Eddie, el águila apenas tiene fisuras. Solvente y bien barnizada, se agarra con uñas y dientes a una gran estrella actoral, Hugh Jackman. Sin embargo, con ser el suyo un personaje decisivo, Jackman no es el protagonista. Eso ya resulta paradójico. El caso es que esta producción británico-germano-USA de rango medio, según el baremo yanqui, desgrana una historia de superación, una fábula inspirada en hechos reales de esos que ponen la piel de gallina a los adictos al lloriqueo.
Su modelo de partida recoge la estrafalaria odisea de Michael Edwards, un saltador de esquí británico al que le cabe un extraño logro, fue algo así como el mejor de los peores o el peor de los mejores y cumplió un sueño: tener su cielo olímpico.

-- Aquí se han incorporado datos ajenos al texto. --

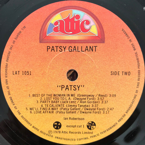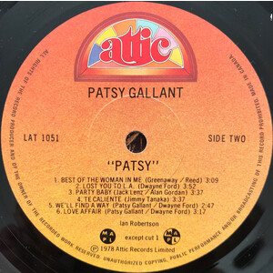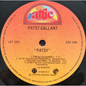 Patsy! is a studio album by Canadian singer/songwriter and producer Patsy Gallant, released in 1978. Highlights from the album include the disco anthem "Oh Michel." In 1978, Gallant earned a Producer of the Year nomination at the Juno Awards, having won Best Female Vocalist the previous two years in a row. For fans of Carol Douglas, Van McCoy, and France Joli.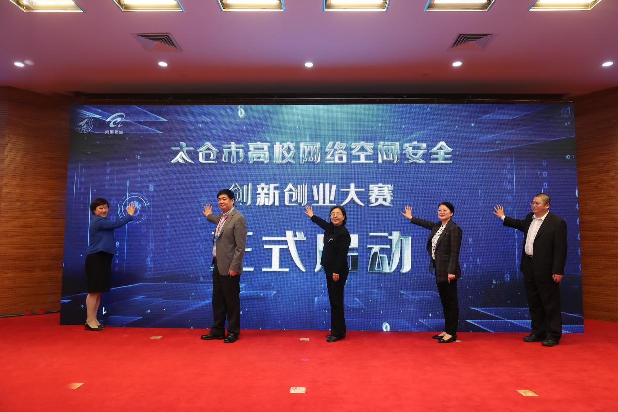 领导、苏州市和太仓市网信办领导共同按下太仓市创新创业大赛的启动按钮,本次大赛本着“以赛促教、以赛促学、以赛促创、赛教一体”的原则,培养学生的创新意识与团队合作精神,增强学生创新创业意识,以赛场做为试炼场,夯实本领,担起重任,为网络安全产业发展作出积极贡献。

Dexter Fletcher, actor antes que director, construye este biopic cuya vinculación con la realidad no traspasa la piel de la apariencia. No busquen honduras, porque apenas hay fondo. De manera canónica, Eddie, el águila repite un modelo mil veces visto. No hay sorpresa alguna, no hay nada original, no hay otra cosa que una reiterada sucesión de secuencias calcadas de modelos de partida que cuentan lo mismo, solo que con otros ropajes y deportes: del rugby al boxeo.
En el fondo, el tratamiento que Dexter Fletcher aplica a la figura de Michael Edwards lo convierte en una especie de Forrest Gump alpino. Así, en orden cronológico, sin buscar enredar lo sencillo e imposibilitado para penetrar en el mundo interior de este deportista, Fletcher lo muestra como un niño con rodillas débiles y cabeza aturdida, pero con una obstinación irreducible. Con ese enfoque de la lucha por el triunfo de alguien nacido para perder, el filme encuentra su momento crucial en el alto de la pista de los 90 metros. Allí, en un diálogo entre el campeón olímpico y el inglés loco, Fletcher alcanza a iluminar fugazmente la clave de un filme que se despide sin ser descifrado. Hay un personaje fascinante, un relato paradigmático, un contexto deportivo apasionante, pero el director evita saltar desde lo más alto. No se arriesga, escoge hacer un convencional filme antes que intentar ser algo extraordinario.